Bij epilepsie is er een tijdelijke verstoring in de hersenen, een soort kortsluiting. Dat noemen we een epileptische aanval. Iedereen kan op iedere leeftijd epilepsie krijgen. Epilepsie kan ontstaan door een beschadiging in de hersenen of een erfelijke aanleg. Maar soms is de oorzaak niet bekend.

Wanneer heeft iemand epilepsie?

Eén epileptische aanval betekent nog niet dat iemand epilepsie heeft. Soms is er een duidelijke aanleiding voor de aanval en komt er nooit meer een volgende.

 We spreken over epilepsie als :

  • Iemand meerdere epileptische aanvallen heeft gehad;
  • Iemand één epileptische aanval heeft gehad en er afwijkingen te zien zijn op het EEG (hersenfilmpje) of een CT- of MRI-scan.

Welke soorten epileptische aanvallen zijn er?
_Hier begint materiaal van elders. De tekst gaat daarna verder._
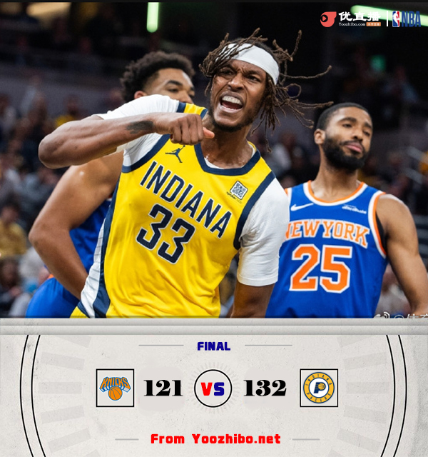 优直播11月11日讯 NBA常规赛,步行者主场迎战尼克斯。目前步行者4胜5负,尼克斯4胜4负。比赛开始,双方迅速进入状态展开对攻,哈利伯顿继续组织进攻,马瑟林连续3记三分命中,但尼克斯首发五虎也能给出回应,首节步行者领先3分,次节阿努诺比里突外投反超比分,双方展开拉锯战,哈利伯顿和布伦森展开对飚,马瑟林继续出色状态接连三分追分,半场尼克斯反超3分。下半场,唐斯打得很强硬,尼克斯一波10-0建立主动权,随后沃克连续三分一度反超,好在哈特连续突破止血,三节尼克斯依然领先2分,末节双方展开拉锯战,哈利伯顿联手马瑟林帮助步行者反超比分,随后步行者下起三分雨直接拉开双位数领先,最终步行者132-121力克尼克斯。
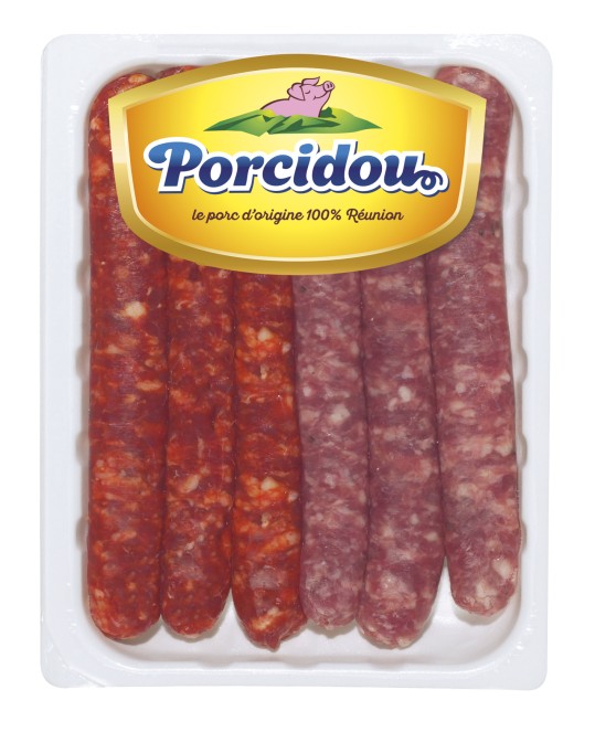 Ingrédients : viande de porc : (90%), eau, sel, dextrose, arômes, plante aromatique, ail, hémoglobine de porc, arôme : acérola, épices, boyau de mouton.
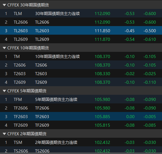 国债期货收盘全线下跌
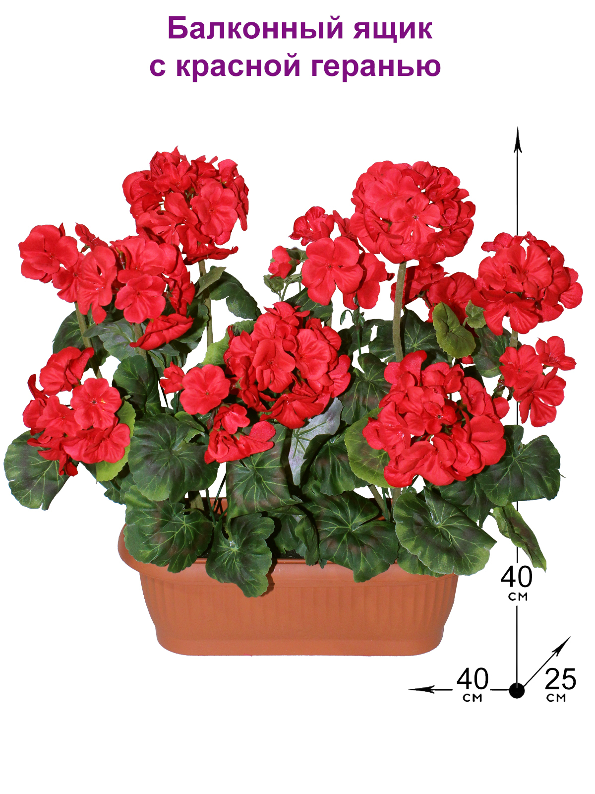 Искусственные цветы Герань красная в балконном ящике от ФитоПарк - отличный выбор для украшения вашего интерьера. Эти декоративные цветы создадут атмосферу уюта и комфорта в вашем доме. Искусственные цветы в горшке на окне привнесут яркие краски в вашу жизнь и будут радовать глаз своим очаровательным внешним видом.
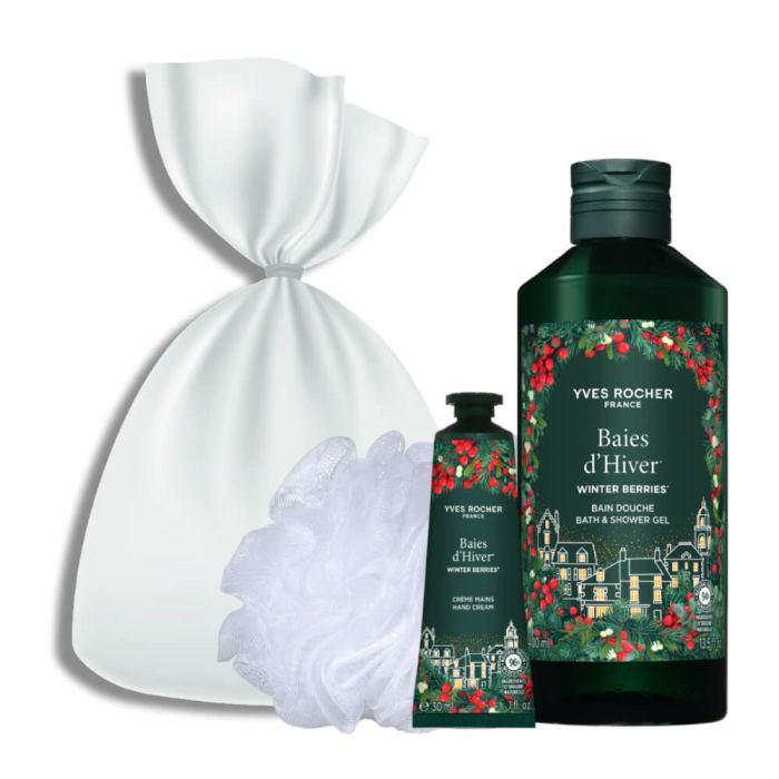 Комплектът съдържа: Yves Rocher Baies d'Hiver Душ гел Зимни плодове 400 мл 1 бр + Yves Rocher Baies d'Hiver Крем за ръце Зимни плодове 30 мл 1 бр + Подарък: гъба за баня 1 бр.
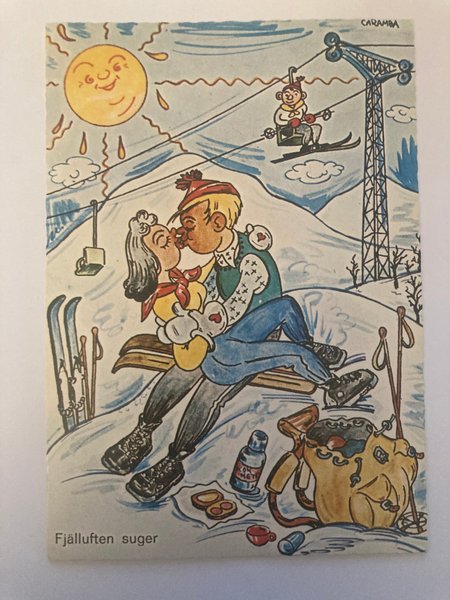 Ett vykort med motiv av ett par i skidbacken. På vykortet syns även en skidlift och texten "Fjälluften suger".
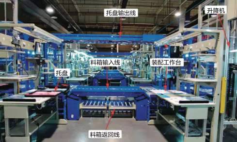 组装每一个产品需要的所有物料按照订单拣选出来并放置在配料箱中。为了提高配料效率,常用部件通常选用流利式货架进行存放拣选,非常用部件则放置在搁板货架上。价值较高的CPU则处于相对封闭的区域内,由工人将其拣选并放到从封闭区域内穿过的输送线上。有赖于快速的补货,有些零部件(如机箱)不需要放在货架上,直接从集装箱移至输送线旁进行配料。工人按照订单信息进行原材料配备以后,还会对其PPID码(产品料号识别码)进行一一扫描,并与系统订单信息进行比对,只有信息一致时系统才会让其继续进入下一环节。
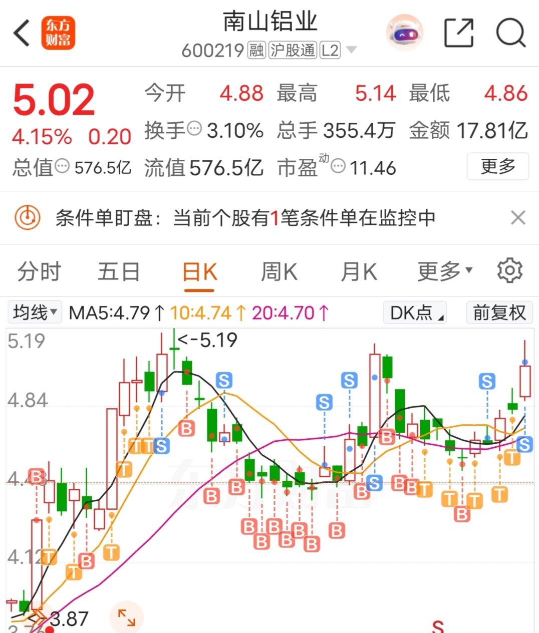 终于等到你,更坚定了长期持有的信心!!另外均价504分三次卖出去了六千股!南山必
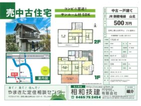 空き家バンク【売買】500万円 神奈川県足柄上郡山北町平山 バルコニー・サンルーム・駐車場2台付き5DK2階建 上下水道 売買価格:290万円 | 賃貸価格: | 5DK | 建物-面積:88.41㎡ | 土地-面積:178.85㎡ | 建物-築年月:昭和57年8月 | 物件番号:空き家バンク物件 080220
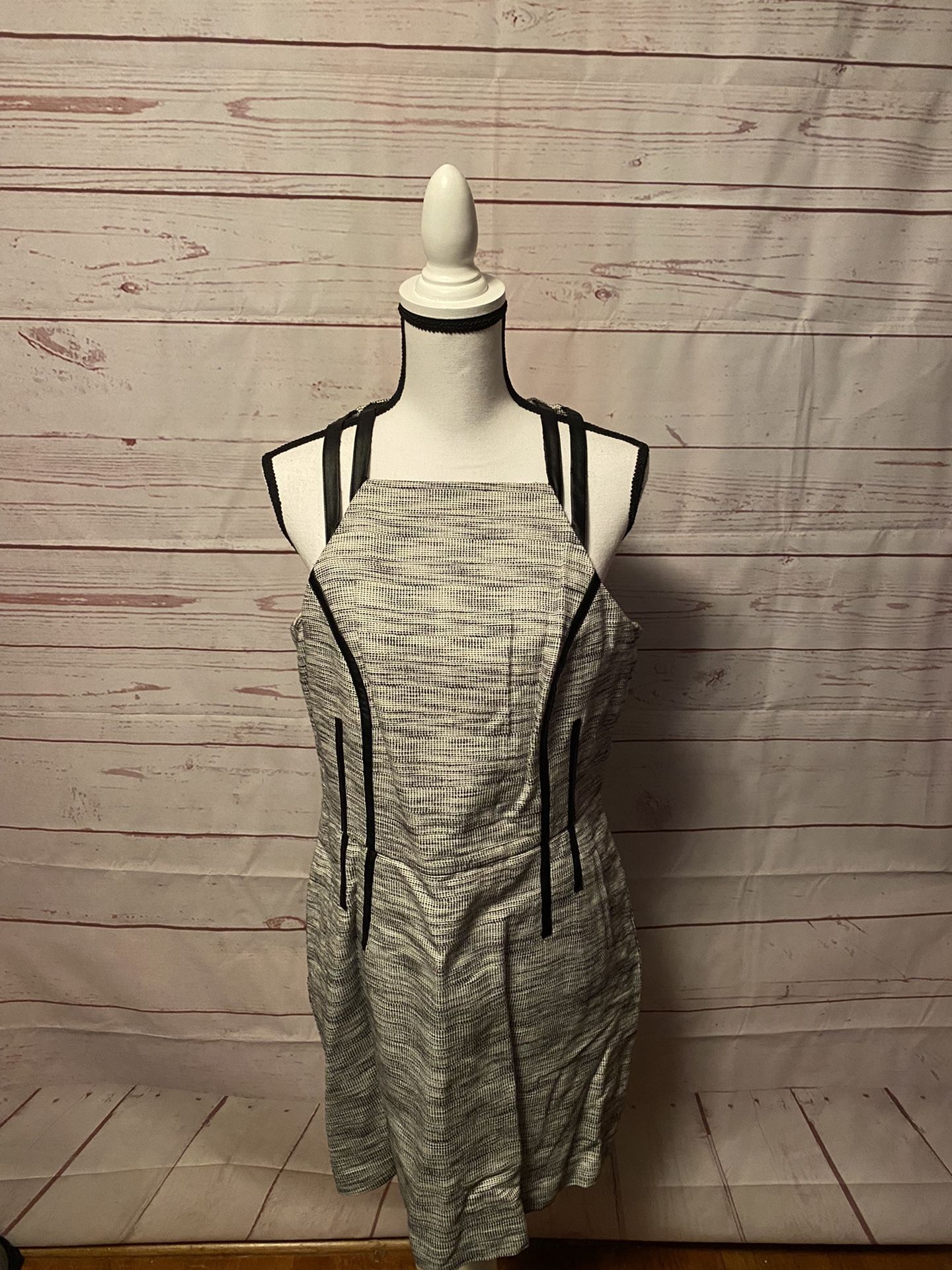 Size 14 I Love Ronson sheath dress w/faux leather trim NWT Grey textured sleeveless dress with black faux leather halter effect straps Faux pockets Full zippered back with hook and eye closure. New with tags. Classy, simple, elegant. Wear alone or pair with a blazer and a pair of pumps and you’re ready to go from daytime to nighttime.

Er zijn verschillende soorten aanvallen. De één valt op de grond, is bewusteloos en gaat schokken. De ander voelt een vreemde tinteling, kan niet uit zijn of haar woorden komen of staart voor zich uit. Aanvallen met vreemd verward gedrag komen ook voor. Soms kan iemand in een aanval gewoon reageren, maar vaak ook niet. Hoe een aanval eruitziet, ligt aan de plek in de hersenen waar de kortsluiting plaatsvindt en hoe de storing zich over de hersenen verspreidt. Meestal duren aanvallen maar kort, een paar seconden of minuten. Soms duren ze langer. Dat verschilt per persoon en per aanval. Ook het herstel na een aanval is niet altijd hetzelfde. De één is na een aanval vrijwel meteen de oude, de ander heeft tijd nodig om zich weer goed te voelen.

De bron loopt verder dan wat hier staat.